In a historic move, the United Nations Economic and Social Council (ECOSOC) has granted consultative status to three gay, lesbian, bisexual and transgender (LGBT)organisations.

The organisations include ILGA-Europe (the European branch of the International Lesbian and Gay Association) and the Danish and German national lesbian and gay associations, LBL and LSVD.

Consultative status granted by the ECOSOC allows these NGOs to enter the United Nations and to participate in its work. Apart from COAL, the Coalition of Activist Lesbians, a group based in Australia, no other LGBT group has been granted this status

“It is a very special moment for the LGBT movement: this historic decision follows the statement made by Norway at the UN Human Rights Council on behalf of 54 countries, pushing that forum to address sexual orientation and gender identity”, says Rosanna Flamer Caldera, Co-Secretary General of the International Lesbian and Gay Association.

ILGA, a federation of 550 LGBT groups around the world, has been working for a number of years to have issues around sexual orientation and gender identity recognised at the United Nations. The first speech on LGBT rights ever given at the UN, in 1992, was given in the organisation’s name. In 2006, ILGA held its world conference in Geneva, European headquarters of the United Nations and organised four panels on LGBT issues at the second session of the Human Rights Council.

ILGA also initiated a campaign to have an increasing number of LGBT groups apply for ECOSOC status. In an apparent demonstration of uneasiness, and in an attempt to avoid debate on the topics of sexual orientation and gender identity, countries sitting at the ECOSOC have consistently postponed the debate.

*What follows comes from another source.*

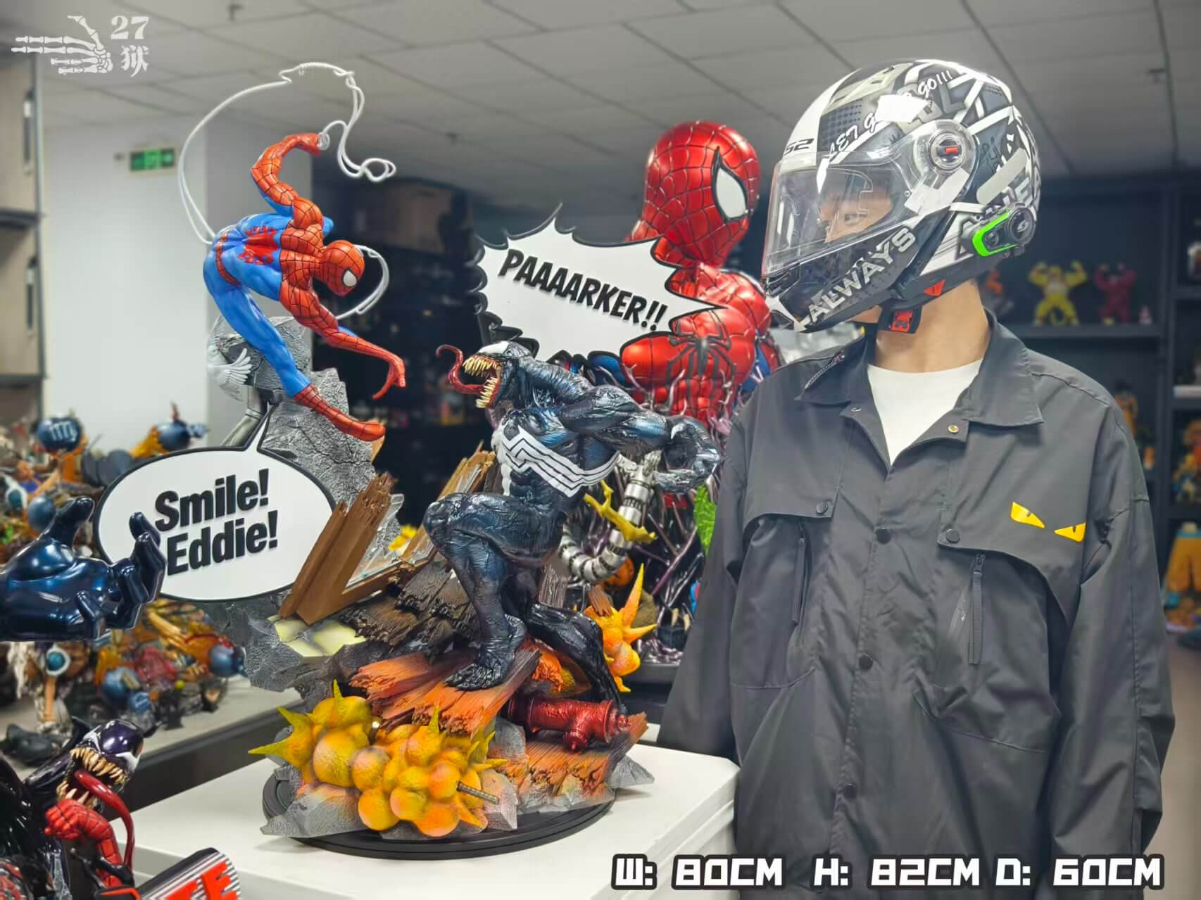 - Venom figure with partially peeled symbiote revealing Eddie Brock’s snarling face beneath

“Some states argue or fear we may be asking for special rights and use this as an alibi to block us from entering the UN,” says Caldera, adding that, “This is not a question of special rights. It is a basic question of equality and universality of human rights. We demand the right not to be discriminated against on the grounds of who we are, as lesbians, gays, bisexual and transgender persons. On the international level, this starts with the United Nations recognising the mere fact LGBT people exist, that they can organise as groups and, as such, participate in UN work and protest against the many human rights violations we still suffer from around the world.”

Applications from seven other LGBT groups will be considered by the ECOSOC in 2007.